I have a Python script using the speech_recognition package to recognize speech and return the text of what was spoken. The transcription has a few seconds delay, however. Is there another way to write this script to return each word as it is spoken? I have another script to do this, using the pysphinx package, but the results are wildly inaccurate.

Install dependencies:

pip install SpeechRecognition
pip install pocketsphinx

Script 1 - Delayed speech-to-text:

import speech_recognition as sr  

# obtain audio from the microphone  
r = sr.Recognizer()  
with sr.Microphone() as source:  
    print("Please wait.

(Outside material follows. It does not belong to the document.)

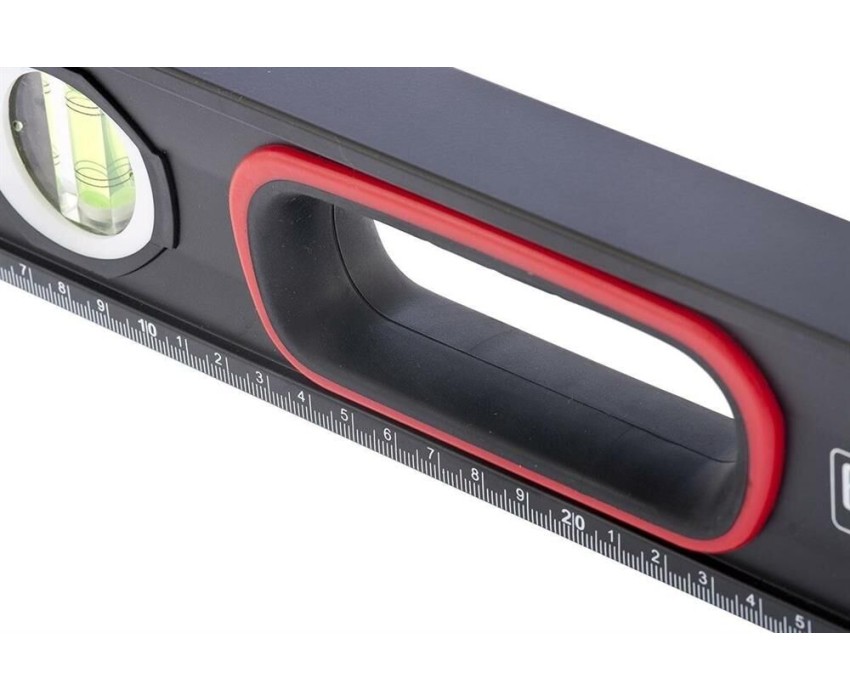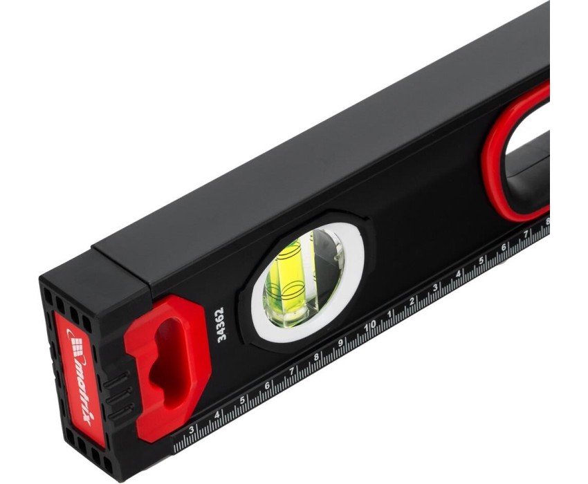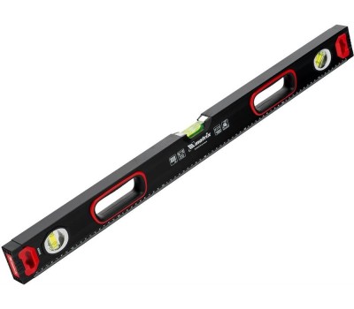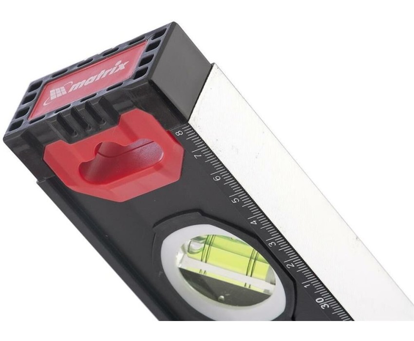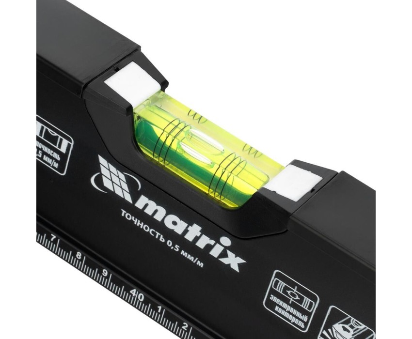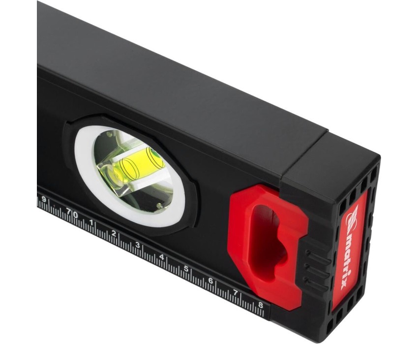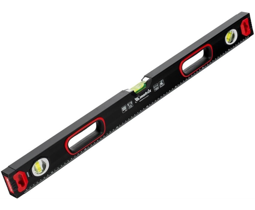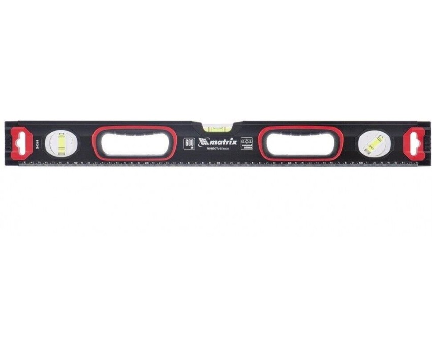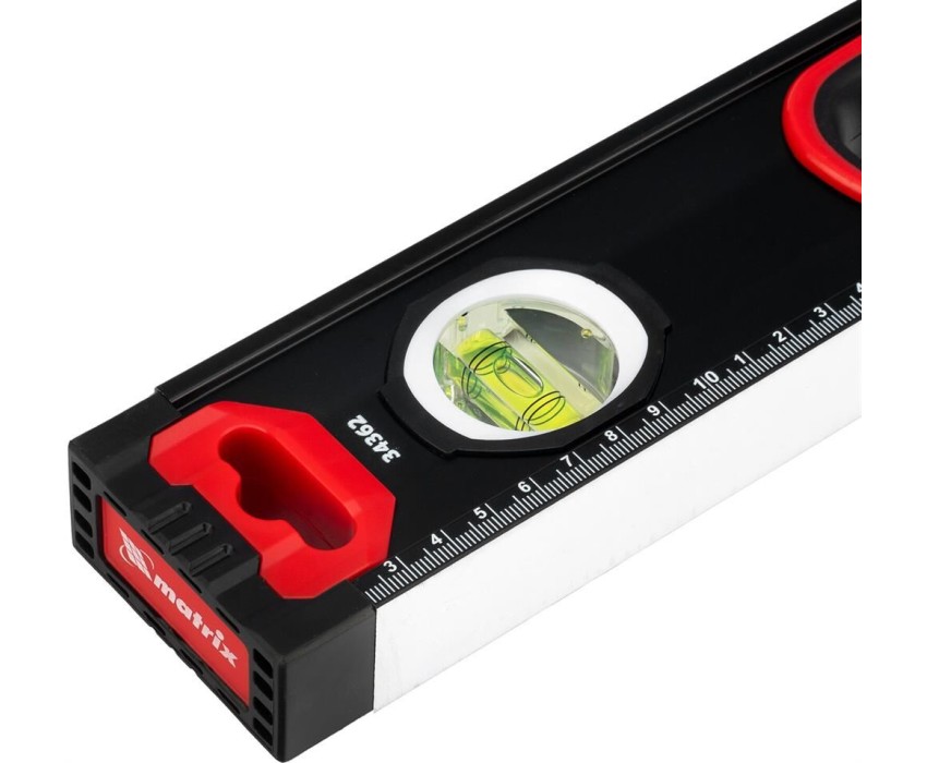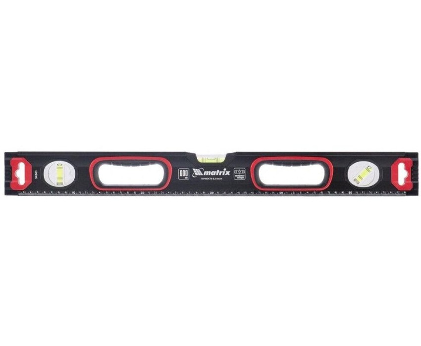 Уровень алюминиевый усиленный Matrix 34362 длиной 800 мм, фрезерованный, с 3 глазками и двухкомпонентными рукоятками, служит для проверки горизонтальных, вертикальных поверхностей, а также точности угла 45°. Пригодится частному мастеру и профессионалу для проведения строительных, ремонтных и монтажных работ. Преимущества Легкая и прочная конструкция — уровень выполнен из алюминиевого профиля. Высокая точность выполняемых работ — глазки прошли электронную калибровку, базовая поверхность фрезерована. Удобный захват — в корпусе имеются рукоятки с прорезиненными вставками. Дополнительные возможности — измерительная шкала позволяет использовать инструмент в качестве линейки. Для определения отклонения вертикали 90° необходимо использовать пузырьковую ампулу только в верхнем положении уровня. Только базовая поверхность (противоположная ампуле 180°) является рабочей.

Calibrating microphone...")  
    # listen for 5 seconds and create the ambient noise energy level  
    r.adjust_for_ambient_noise(source, duration=5)  
    print("Say something!")  
    audio = r.listen(source)  

    # recognize speech using Sphinx  
    try:  
        print("Sphinx thinks you said '" + r.recognize_sphinx(audio) + "'")  
    except sr.UnknownValueError:  
        print("Sphinx could not understand audio")  
    except sr.RequestError as e:  
        print("Sphinx error; {0}".format(e))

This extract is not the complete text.